PROBLEM STATEMENT
Starting at the line with "합리적인 브랜드랍니다 🌿" and ending at the line with "武漢貴族寵物美容培訓學校優秀", print exactly the lines of the entries below. Pictures do not belong in the copy.

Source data

# # #

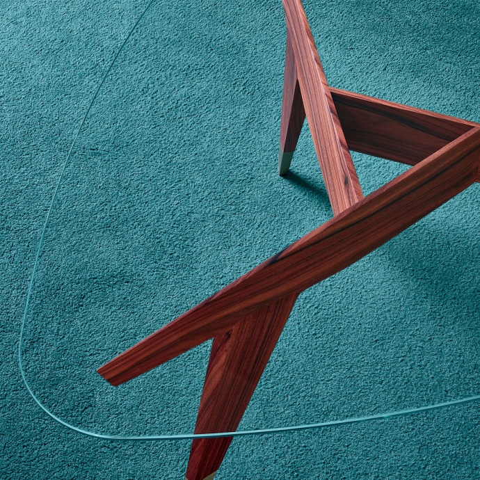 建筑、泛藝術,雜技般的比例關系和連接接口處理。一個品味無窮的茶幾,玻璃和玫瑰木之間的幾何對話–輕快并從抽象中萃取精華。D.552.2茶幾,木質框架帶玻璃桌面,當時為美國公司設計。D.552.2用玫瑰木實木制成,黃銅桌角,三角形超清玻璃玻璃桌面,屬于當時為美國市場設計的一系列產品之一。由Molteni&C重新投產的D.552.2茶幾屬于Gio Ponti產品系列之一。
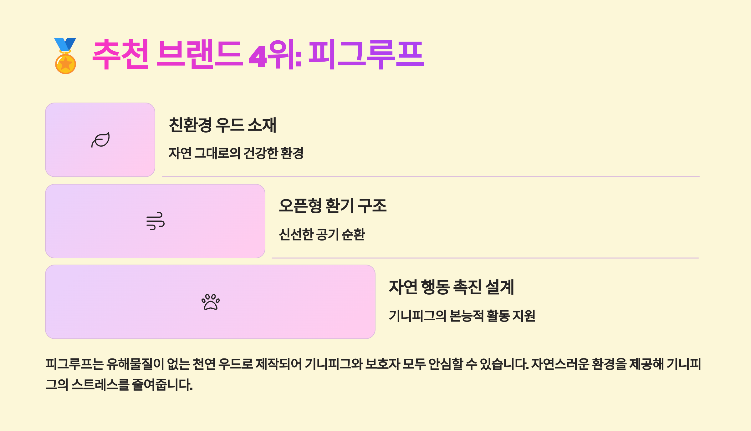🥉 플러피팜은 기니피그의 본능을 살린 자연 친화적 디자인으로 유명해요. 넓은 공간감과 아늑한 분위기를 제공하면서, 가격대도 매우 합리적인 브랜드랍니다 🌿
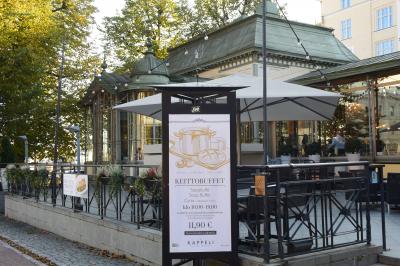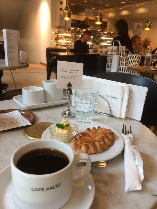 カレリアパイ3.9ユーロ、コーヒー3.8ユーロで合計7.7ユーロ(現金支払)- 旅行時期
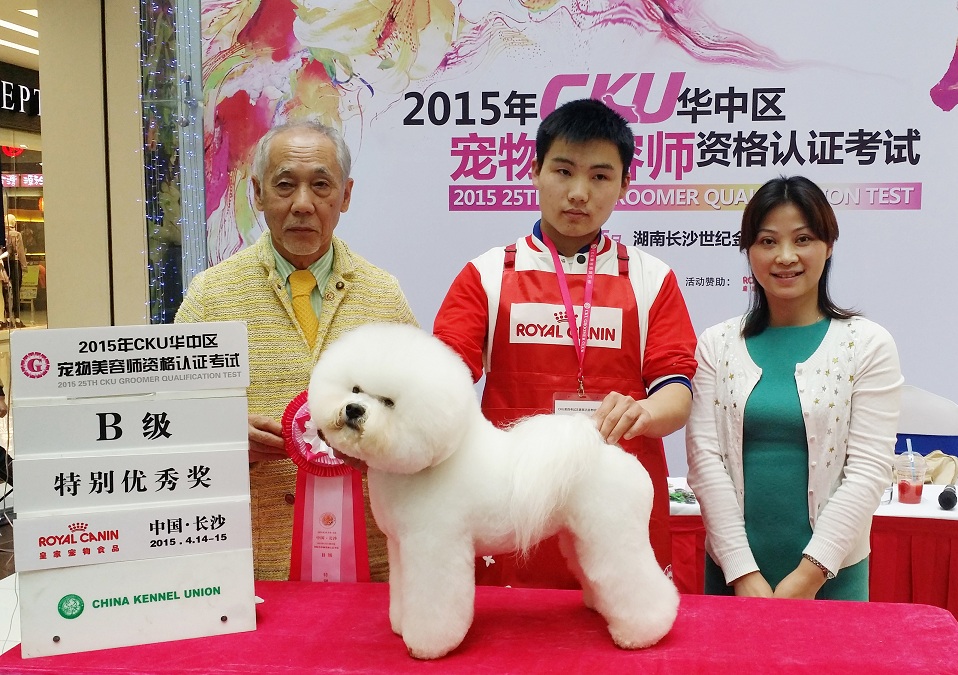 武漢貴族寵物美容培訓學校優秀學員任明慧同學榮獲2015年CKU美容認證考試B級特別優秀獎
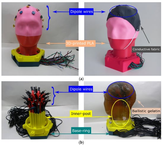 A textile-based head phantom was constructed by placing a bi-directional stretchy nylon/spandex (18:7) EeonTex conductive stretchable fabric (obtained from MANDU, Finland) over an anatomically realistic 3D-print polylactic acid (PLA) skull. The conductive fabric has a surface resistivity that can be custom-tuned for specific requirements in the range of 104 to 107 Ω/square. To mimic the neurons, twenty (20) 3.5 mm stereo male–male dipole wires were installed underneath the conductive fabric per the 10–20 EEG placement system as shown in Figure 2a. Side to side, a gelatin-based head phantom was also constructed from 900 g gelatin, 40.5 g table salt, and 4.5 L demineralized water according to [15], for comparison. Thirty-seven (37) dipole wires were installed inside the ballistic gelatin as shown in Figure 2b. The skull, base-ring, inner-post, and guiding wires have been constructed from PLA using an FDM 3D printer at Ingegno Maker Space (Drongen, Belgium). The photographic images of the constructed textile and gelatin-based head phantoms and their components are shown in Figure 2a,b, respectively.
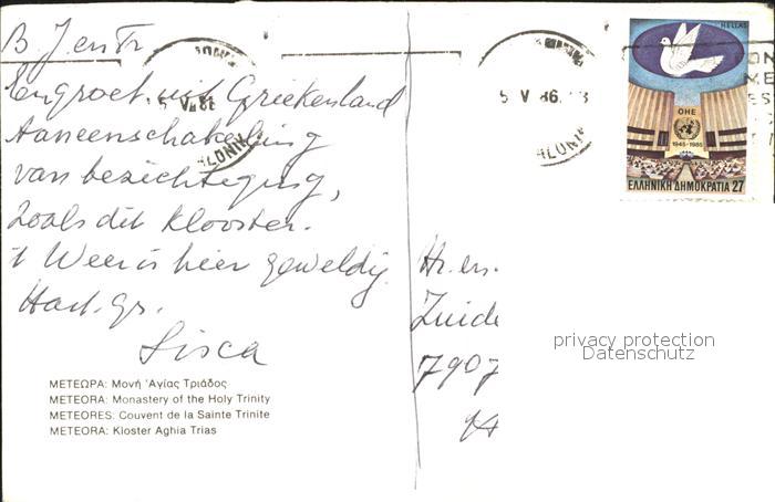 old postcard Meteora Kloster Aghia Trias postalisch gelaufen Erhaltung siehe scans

# # #

ANSWER FOR THE TASK
🥉 플러피팜은 기니피그의 본능을 살린 자연 친화적 디자인으로 유명해요. 넓은 공간감과 아늑한 분위기를 제공하면서, 가격대도 매우 합리적인 브랜드랍니다 🌿
 カレリアパイ3.9ユーロ、コーヒー3.8ユーロで合計7.7ユーロ(現金支払)- 旅行時期
 武漢貴族寵物美容培訓學校優秀學員任明慧同學榮獲2015年CKU美容認證考試B級特別優秀獎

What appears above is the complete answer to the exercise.